1st Minister of Foreign Affairs and Trade
- In office 1 January 1984 – 22 October 2015
- Monarch: Hassanal Bolkiah
- Deputy: Zakaria Sulaiman Ali Mohammad Daud
- Preceded by: Office established
- Succeeded by: Hassanal Bolkiah
- Born: 27 August 1947 (age 78) Istana Darussalam, Brunei Town, Brunei
- Spouse: Pengiran Anak Zariah ​ ​(m. 1970)​
- Issue: List Pengiran Anak Taiyibah Qalbul Bolqiah ; Pengiran Muda Abdul Qawi ; Pengiran Anak Ruqiyah Mataul Bulqiah ; Pengiran Muda Abdul Fattaah ; Pengiran Muda Abdul Mu'min ; Pengiran Anak Mansurah Izzul Bolkiah ; Pengiran Muda Omar Ali ; Pengiran Anak Khaliilah Khalilatul Bolqiah ; Pengiran Anak Naafi'ah Khairul Bulqiah ; Pengiran Muda Abdul Muqtadir;

Regnal name
- Pengiran Muda Mohamed Bolkiah ibni Al-Marhum Sultan Haji Omar Ali Saifuddien Sa’adul Khairi Waddien
- House: Bolkiah
- Father: Sultan Omar Ali Saifuddien III
- Mother: Pengiran Anak Damit
- Religion: Islam

= Prince Mohamed Bolkiah =

Bruneian prince (born 1947)

Mohamed Bolkiah ibni Omar Ali Saifuddien III (born 27 August 1947) is a member of the royal family of Brunei. He is the second son of Omar Ali Saifuddien III, the 28th Sultan of Brunei, and Raja Isteri (Queen) Pengiran Anak Damit. After Brunei's independence in 1984, he became the country's first foreign minister, serving from 1 January 1984 until 22 October 2015, alongside the second Minister of Foreign Affairs and Trade, Lim Jock Seng.

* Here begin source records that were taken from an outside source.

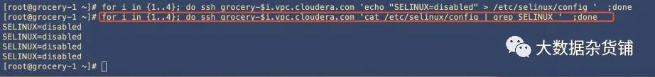 #关闭selinuxfor i in {1..4}; do ssh grocery-$i.vpc.cloudera.com 'echo "SELINUX=disabled" > etc/selinux/config ' ;done
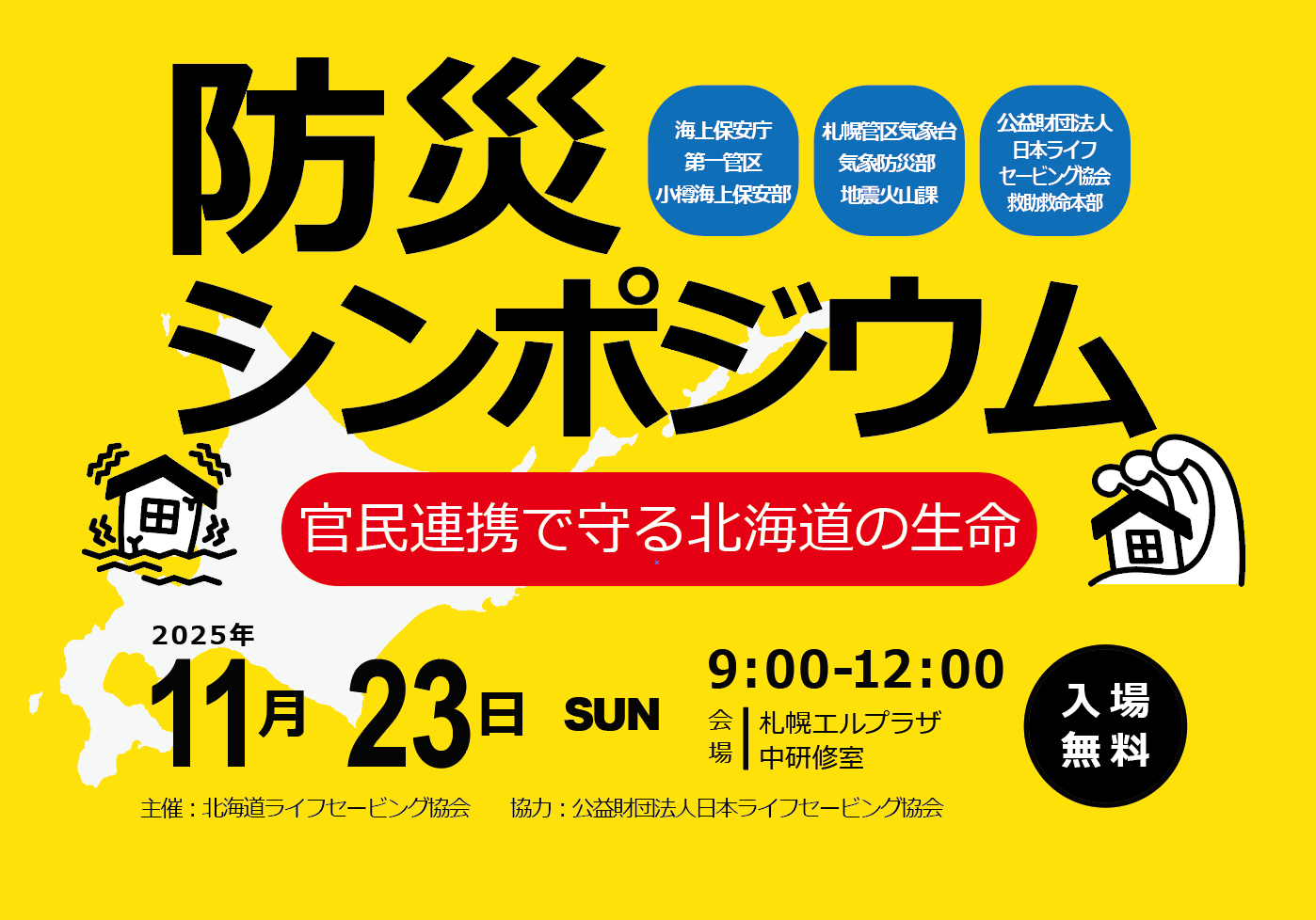【11/23(日)】<一般参加可能>「防災シンポジウム ~官民連携で守る北海道の生命(いのち)~」を北海道ライフセービング協会が開催
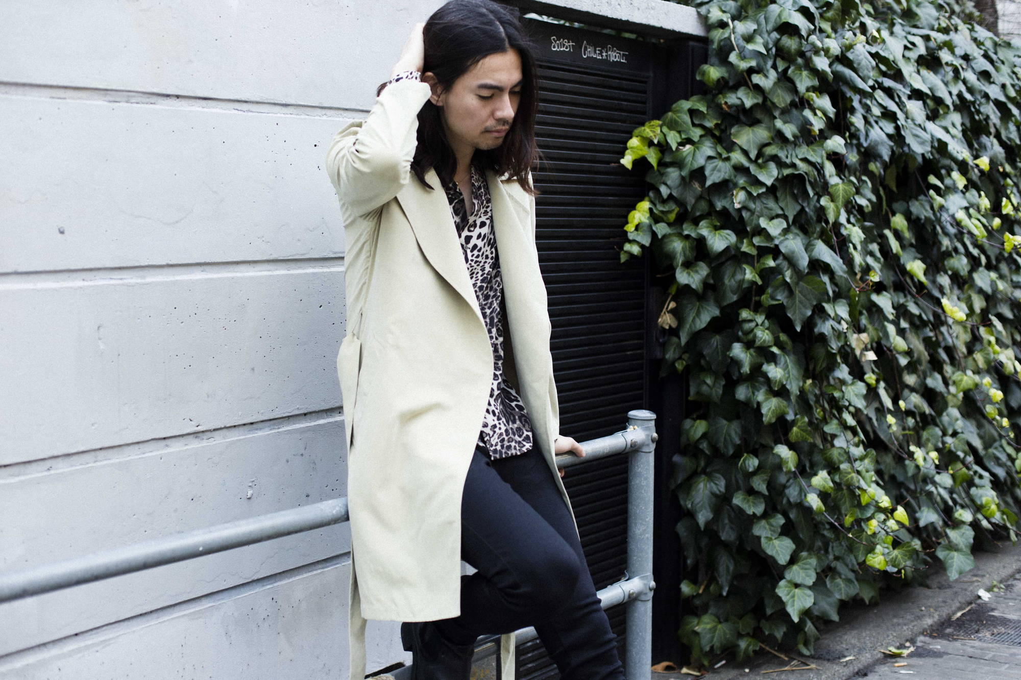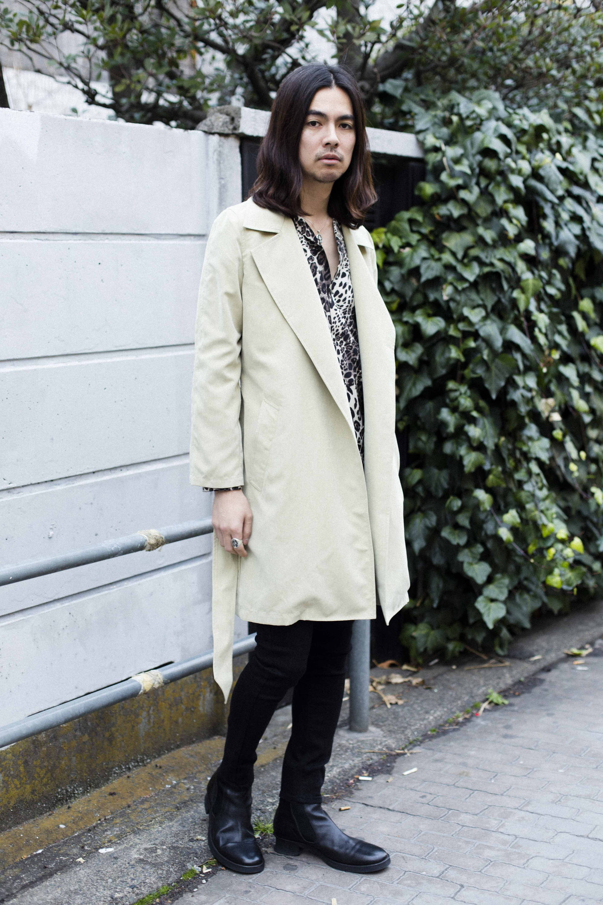 コートとシャツの色味を整えればクセの強いレオパード柄も難なく着こなせる。

==Early life and education==
Pengiran Muda (Prince) Mohamed Bolkiah was born on 27 August 1947 at Istana Darussalam, Brunei Town (now called Bandar Seri Begawan). He is the second son of Sultan Omar Ali Saifuddien III, the 28th Sultan of Brunei, and his wife, Raja Isteri Pengiran Anak Damit. Among his siblings are the current Sultan Hassanal Bolkiah, Prince Sufri Bolkiah, Prince Jefri Bolkiah, Princess Masna, Princess Nor'ain, Princess Amal Umi Kalthum Al-Islam, Princess Amal Rakiah, Princess Amal Nasibah and Princess Amal Jefriah.

In an interview, Abdul Ghani bin Jamil disclosed that Sultan Hassanal Bolkiah, Prince Mohamed Bolkiah, Princess Masna Bolkiah, Princess Nor'ain, Queen Saleha, Pengiran Muda Abdul Rahman, Pengiran Anak Yusof, Pengiran Anak Puteh, Pengiran Anak Ja'afar, and Pengiran Muda Apong were students at the Istana Darul Hana Surau.

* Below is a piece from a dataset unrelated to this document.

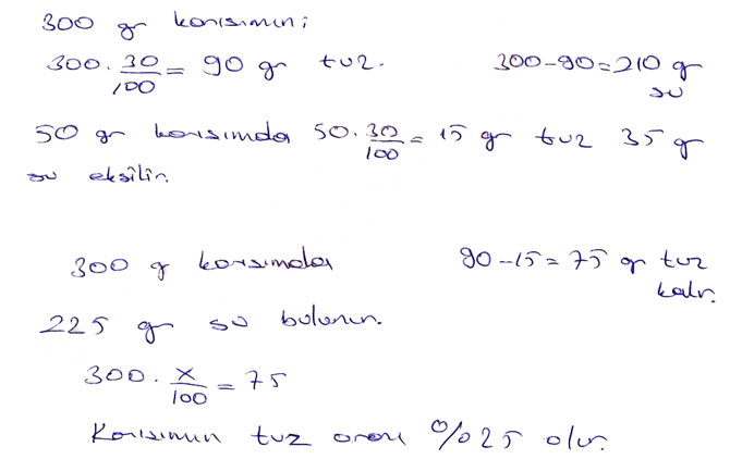 Tuz oranı %30 olan 300 gr tuzlu su karışımından 50 gram alınıp yerine aynı miktarda saf su ekleniyor.Elde edilen karışımın tuz oranı yüzde kaç olur?
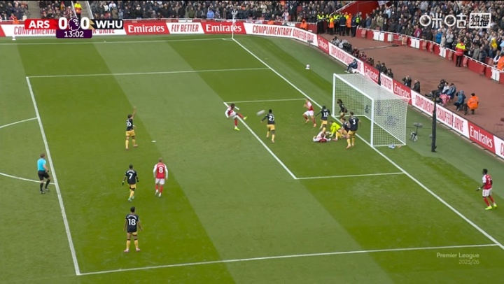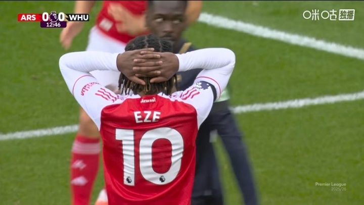 10月04日讯 英超第7轮,阿森纳vs西汉姆联。比赛第13分钟,埃泽面临半佛门凌空踢飞,枪手错失良机。

Afterwards in 1960, he attended his secondary education with his brother Hassanal Bolkiah at Victoria Institution in Kuala Lumpur, Malaysia until 1963. From 1964 until 1965, he studied his GCE 'A' Levels at Omar Ali Saifuddien College, Brunei. From there, he would then be enrolled into Sandhurst Military Academy, United Kingdom. He was commissioned as a junior lieutenant in the Irish Guards, in 1967.

== Perdana Wazir ==
Since 1906, Mohamed Bolkiah was appointed by his father, Sultan Omar Ali Saifuddien III, as Pengiran Temenggong Sahibol Bahar, on 29 September 1967. He became a wazir upon receiving the title, surpassing both the Pengiran Anak Mohamed Alam and Pengiran Muda Hashim in importance. In keeping with protocol, the ceremony to install the new wazir took place at the Istana Darul Hana Throne Room. He was chosen to serve on the Privy Council the same year.

Upon Sultan Hassanal Bolkiah's coronation, all traditional ministerial positions were filled. In February 1970, he was bestowed with the new title of Pengiran Perdana Wazir Sahibul Himmah Wal-Waqar, head of the traditional Brunei wazirs, meaning "eyes and ears" of the ruler, by his brother. On 23 September 1974, he was appointed as the honorary police commissioner of the Royal Brunei Police Force (RBPF).

== Ministerial career ==
Immediately following the independence of Brunei on 1 January 1984, Mohamed Bolkiah was appointed Minister of Foreign Affairs and Trade. In an effort to fortify its global Islamic identity, Brunei joined the Organisation of Islamic Cooperation (OIC) in January 1984 in addition to ASEAN and the UN. As soon as Brunei gained independence, it also joined the Commonwealth, whose goal is to advance world peace and order, something that the Bruneian administration actively pursued. Only until that same year, he was the President of the National Bank of Brunei (NBB).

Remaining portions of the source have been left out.